Investors may have also been soured after news that sent the financial sector lower yesterday. Discount broker The Charles Schwab Corporation (SCHW) announced that it would lower commissions to zero in response to competition from firms such as Betterment and Robinhood, which offer app-driven broker services with no commissions.
Investors Rethink Schwab's Valuation
When San-Francisco based Charles Schwab announced that it would offer trades with zero-dollar base commission cost, investors responded quickly to reevaluate the share price for the company. Investors have likely established a valuation for the company based on the assumption that one of the company's main revenue sources is the commissions earned from self-directed traders. It;s not a surprise that removing that particular revenue source would naturally have a big impact on these investors' perceptions about what the company is worth.
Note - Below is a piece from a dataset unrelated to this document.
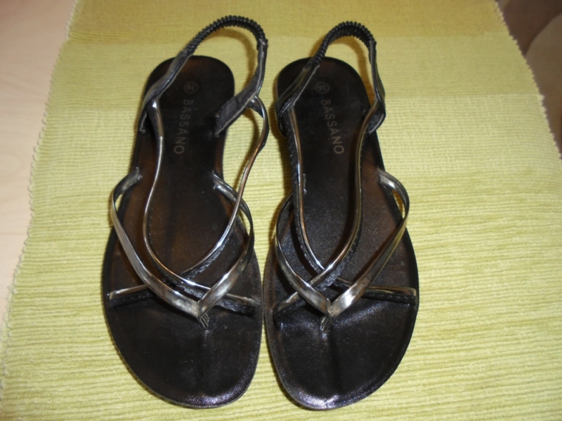 36-os Bassano arany pántos fekete új szandál bh. 22,5 cm 1500 ft

The company appeared prepared for that perception change because it attempted to blunt its impact. In Schwab's announcement, it gave a number to help investors understand that the impact of this move may not be as drastic as it seems. The company spelled out that this move would create a loss of revenue (in this area) of about $100 million dollars per year. Perhaps the company figured that this paltry sum was unimportant. (After all, what's nine figures between friends, right?) Perhaps Schwab figured that, if it simply explained this well enough, investors would warm to the idea since, after all, it could mean many new customers driving revenue in other ways. Not a chance.
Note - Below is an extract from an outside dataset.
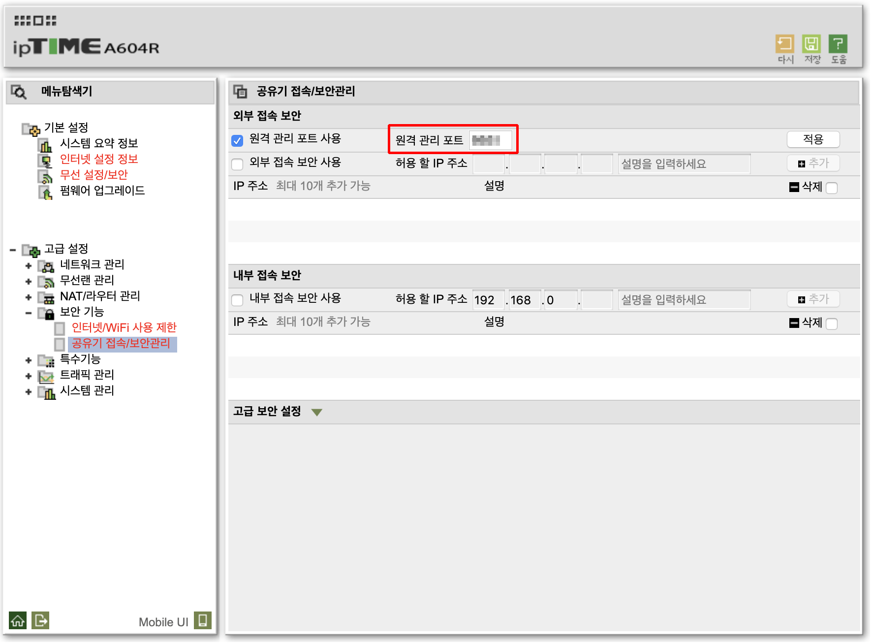 다시 공유기 설정으로 들어가 고급 설정 -> 보안 기능 -> 공유기 접속/보안관리

The market seemed to respond to the number with an unimpressed reaction, as if to say, "Uh, more like $5 billion." Investors sold Schwab's stock price down by more than five dollars per share (about 12%) in two days of trading, reducing the company's market capitalization by 50 years worth of lost commissions. Either the market is overreacting or there is possibly more negative news yet to come from the company, not to mention the sector at large.
Schwab's Volley Kicks off Broker's Price War
The price action for shares of Charles Schwab was drastic indeed, but the influence of the announcement had a broader reach than the company's own shares. Shares of its competitors, TD Ameritrade Holding Corporation (AMTD), E*TRADE Financial Corporation (ETFC), Interactive Brokers, Inc. (IBKR), and others took a similar hit to share prices. The chart below shows that high-service brokers such as Raymond James Financial, Inc. (RJF), or Waddell & Reed Financial, Inc. (WDR) fared better than others.
The Bottom Line
U.S. stock indexes fell for the second day in a row, showing that investors are clearly more than a little worried about the future return on stocks. Some investors are hedging their portfolios with gold or bonds. One of the bigger impacts in the market may have come from Schwab's announcement that ended the race to zero in discount broker commissions.